The device of keyword is for executing the text of extraction described in the various embodiments described above in extraction document described in the present embodiment The method of keyword in shelves, technical principle is similar with the technical effect of generation, is described again here.
Illustratively, on the basis of the above embodiments, the distance calculation module 32 is specifically used for:
The theme conduct of theme distribution maximum probability is chosen from least one theme according to the theme distribution of the document Optimal theme;Calculate the distance between the term vector and the corresponding theme vector of the optimal theme.
Illustratively, on the basis of the above embodiments, the distance calculation module 32 is specifically used for:
According to the theme distribution probability of each theme of the document between the term vector and each theme vector Distance is weighted summation;Using weighted sum as the distance between described term vector and theme vector.
Illustratively, on the basis of the above embodiments, the distance is COS distance.
Illustratively, on the basis of the above embodiments, the vector training module 31 include: vector construction unit 311, Joint likelihood function establishes unit 312 and parameter estimation unit 313;
The vector construction unit 311 is used to for the document being added in training data bank, is in the trained data bank Each document each theme and each word construct the initial term vector of initial subject vector sum respectively;
The joint likelihood function establishes unit 312 for establishing institute according to the initial term vector of initial subject vector sum State the joint likelihood function of all documents in trained data bank;
The parameter estimation unit 313 is used to carry out parameter Estimation to the joint likelihood function to obtain the theme vector And term vector.

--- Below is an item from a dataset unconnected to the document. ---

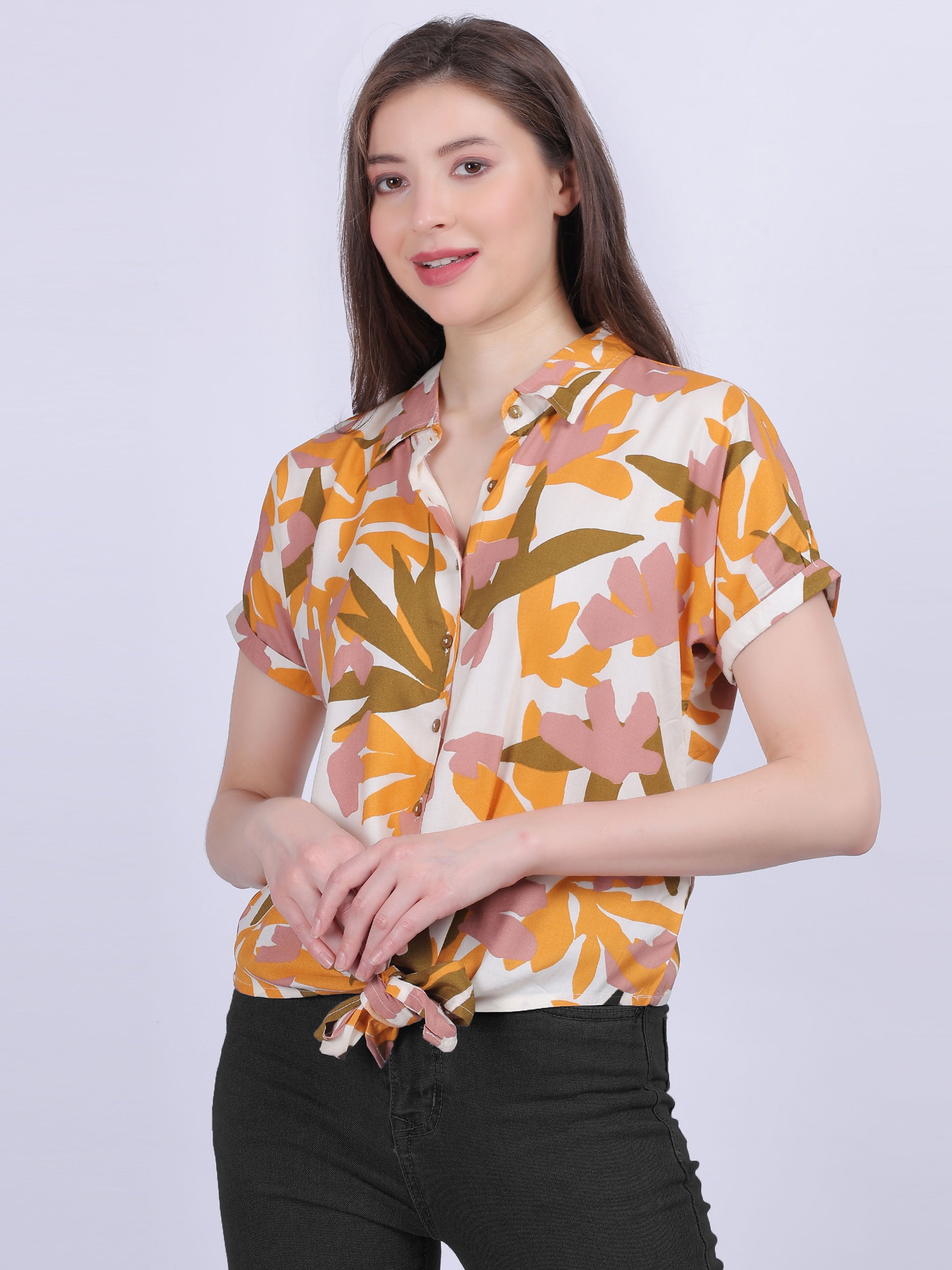 Introducing the AUMBE Leaf Print Knot Style Crop Shirt, a fresh and trendy addition to your wardrobe. This shirt features a lively leaf print and a stylish knot detail, offering a chic and contemporary look. Ideal for casual outings and summer days, it ensures you stay fashionable and comfortable with ease.
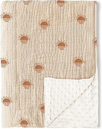 Konssy Baby Blankets for Unisex Boys Girls, Super Soft Nursery Minky Blankets with Muslin Cotton Front and Dotted Fleece Backing, Printed Bed Throws Newborn

Illustratively, the joint likelihood function is established unit 312 and is specifically used for:
The generating probability of the initial term vector is obtained according to formula one:
Formula one:
Wherein,It is the auxiliary vector of the term vector v of current word w, xwIndicate the context vector of current word w, wherein It is the term vector of surrounding's word of current word w, vzThe theme vector of current topic z,It indicates to add And operation, w ' are word w ';
The joint likelihood function such as formula two of all documents in the trained data bank is obtained according to the formula one:
Formula two:
Wherein, αzThe corresponding Dirichlet prior parameter of the z that is the theme, βvFor the corresponding Dirichlet prior parameter of word v, mdz For be sampled in document d the z that is the theme sentence number, nzvIndicate that word v and theme z occur together in the trained data bank Number summation, M indicates the set of all term vectors and theme vector, and D indicates that the sum of document d, T indicate theme in document d Sum,Indicate the adjunct of word v.

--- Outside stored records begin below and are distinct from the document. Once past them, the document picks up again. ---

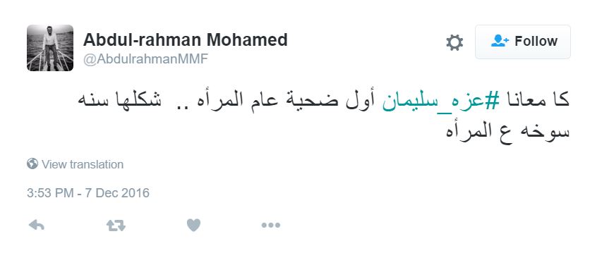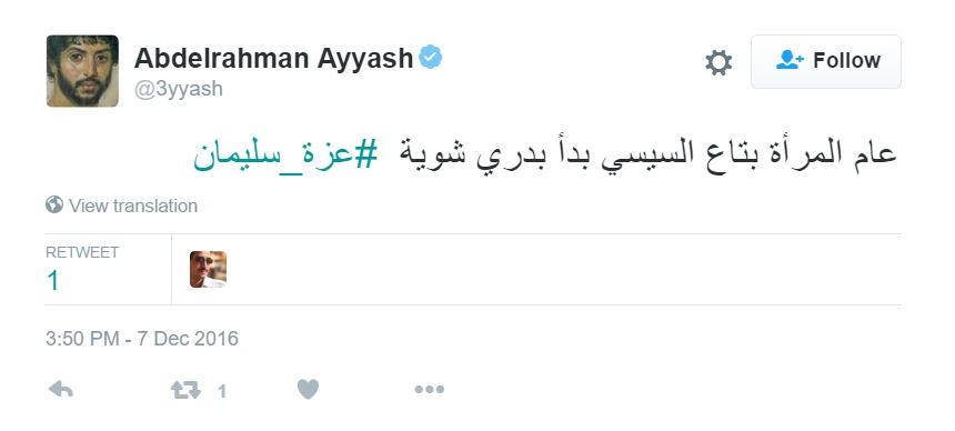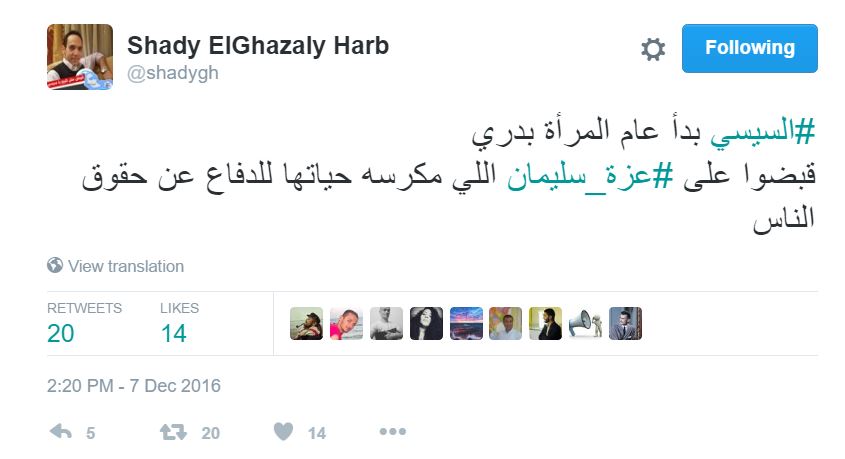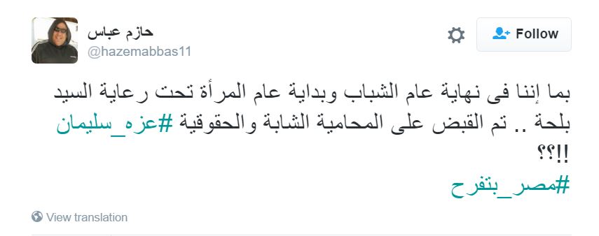 وسخر المشاركون، من تسمية عام 2017 بعام المراة، والاحتفاء به بالقبض على الناشطة، وقال أحد المغردين: “بم أننا فى نهاية عام الشباب وبداية عام المرأة تحت رعاية السيد بلحة.. تم القبض على المحامية الشابة والحقوقية #عزه_سليمان !!؟؟ “.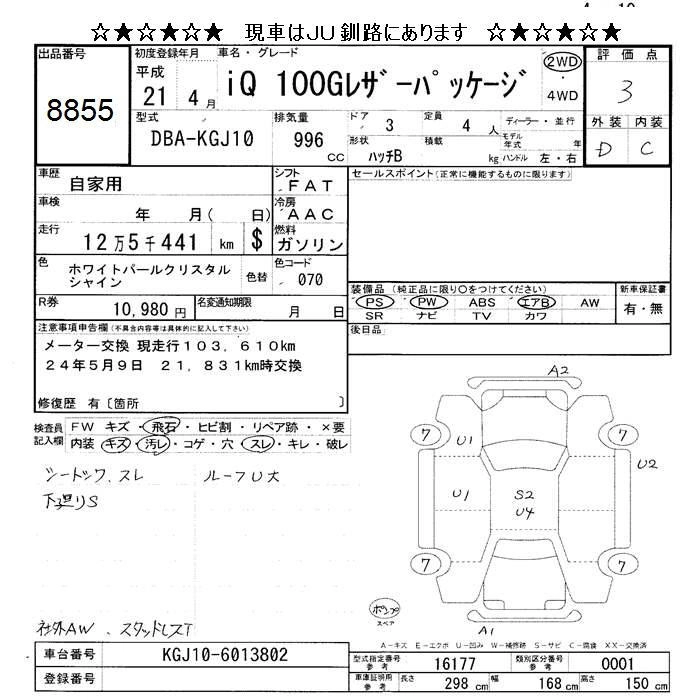 TOYOTA IQ 2009 г., лот № 8855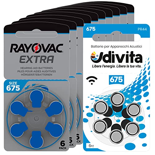 66 Batterie Per Apparecchi Acustici Rayovac Extra Advanced 675. 66 Pile: 60 Rayovac + 6 Udivita

Illustratively, the vector training module 31 further include: joint likelihood function processing unit 314;
The joint likelihood function processing unit 314 is used to establish unit 312 according to described in the joint likelihood function After formula one obtains joint likelihood function such as formula two, the formula two is handled using gibbs algorithm, can be obtained literary The condition distribution such as formula three of the corresponding theme of each sentence s in shelves d:
Formula three:
Wherein, k is theme undetermined, and W is the sum of word in the trained data bank, NiwIt is word w i-th in document d The number occurred in son;
Each sentence s that condition distribution probability according to each theme in condition distribution is document d determines specific master Topic;
The formula one is handled according to the condition distribution probability of the specific subject, is obtained as described in formula four Log-likelihood function:
Formula four:
The parameter estimation unit 313 is specifically used for:
Parameter Estimation is carried out to the log-likelihood function and obtains the theme vector and term vector.

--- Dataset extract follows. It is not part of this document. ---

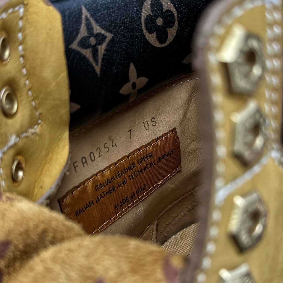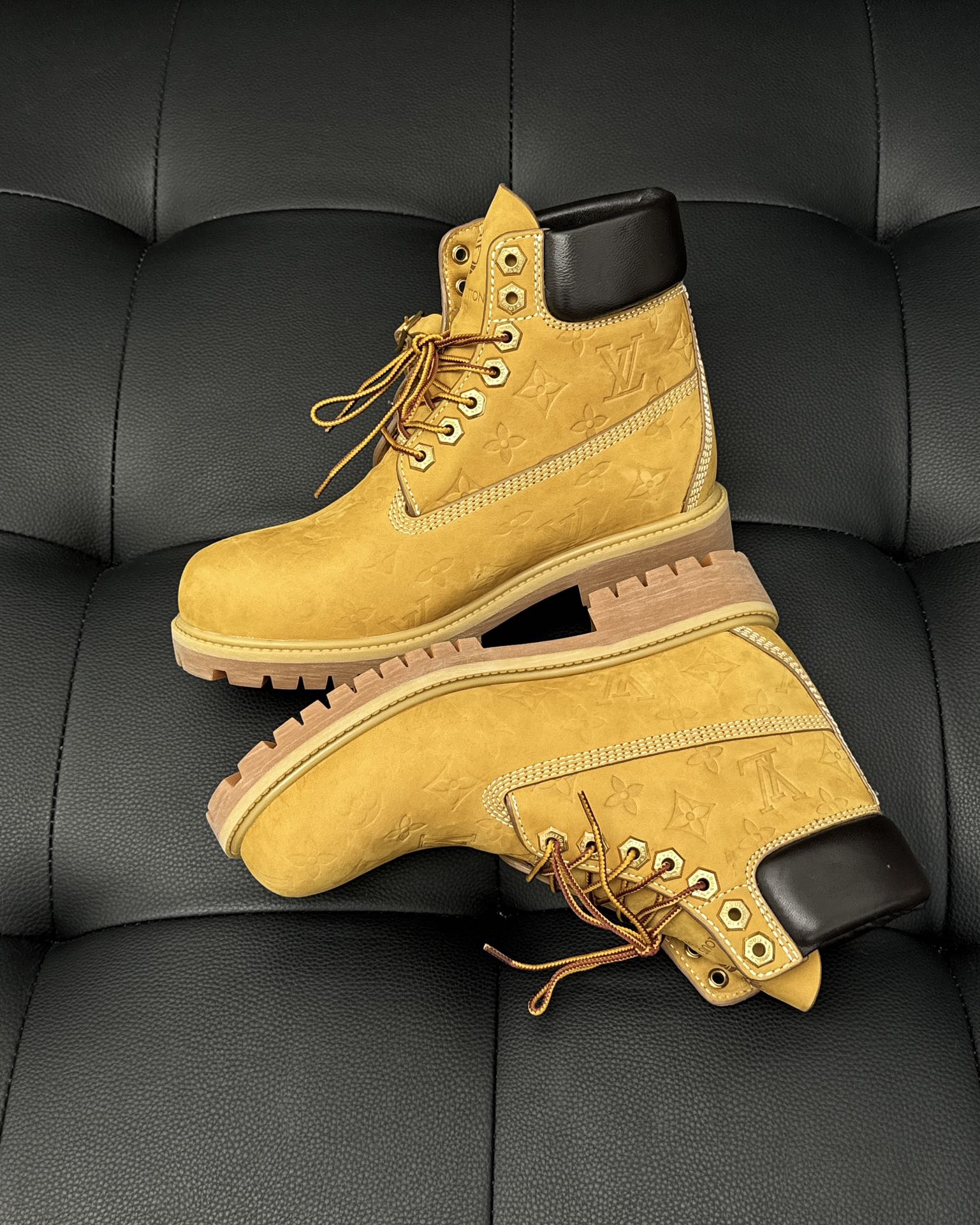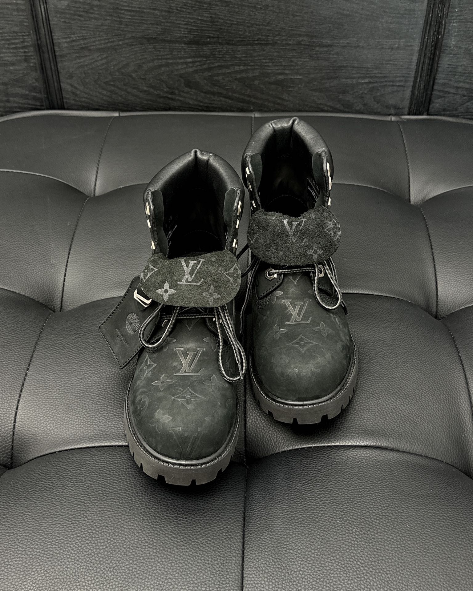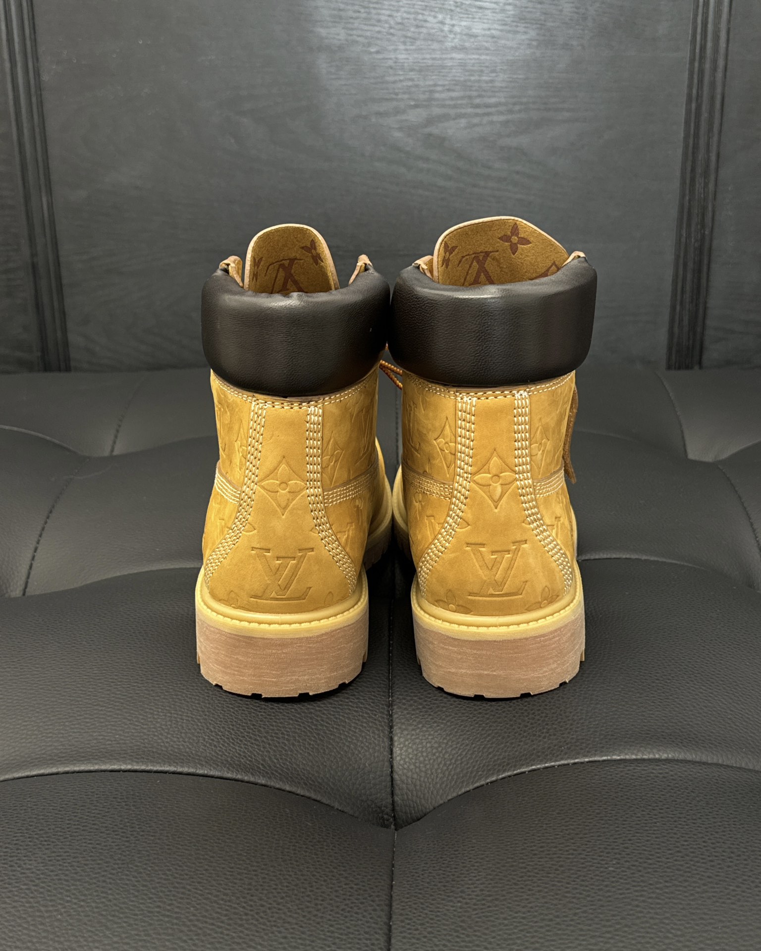 NIGO Louis Vuitton Men's And Women's Fall And Winter Old Flower Print Round Head Lace Up Embossed Waterproof Suede And Ankle Boots Martin Boots Shoes #nigo73648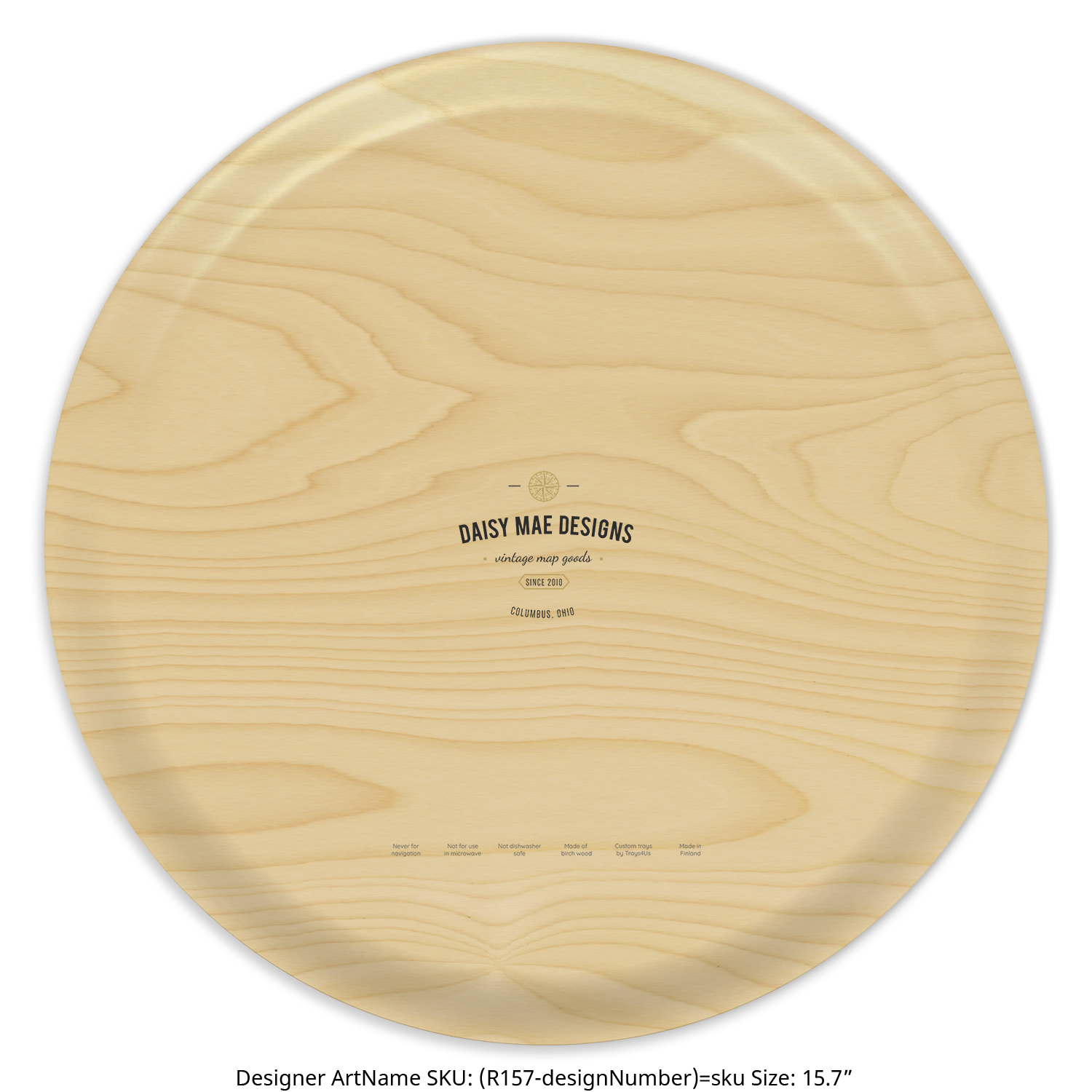 Add a touch of local charm to your store’s collection with this exclusive vintage map tray. This tray is perfect for customers seeking a unique, regionally inspired gift or home accent. Round 15.7" Crafted in Finland from FSC-certified birch wood, each tray is finished with a matte layer of melamine, ensuring both quality and durability. Customers will appreciate its eco-friendly credentials and finely crafted details. Designed for hand-washing only. Food safe. Not suitable for dishwasher or microwave use

Illustratively, the vector training module 31 further include: log-likelihood function optimization processing unit 315;
The log-likelihood function optimization processing unit 315 in the joint likelihood function processing unit 314 for obtaining After log-likelihood function as described in formula four, using Newton iteration method to the parameter alpha and ginseng in the log-likelihood function Number β optimizes processing;
And/or
Term vector, theme vector and the auxiliary vector in the log-likelihood function are carried out using negative sampling algorithm excellent Change;
The parameter estimation unit 313 is specifically used for:
Parameter Estimation is carried out to the log-likelihood function after optimization and obtains the theme vector and term vector.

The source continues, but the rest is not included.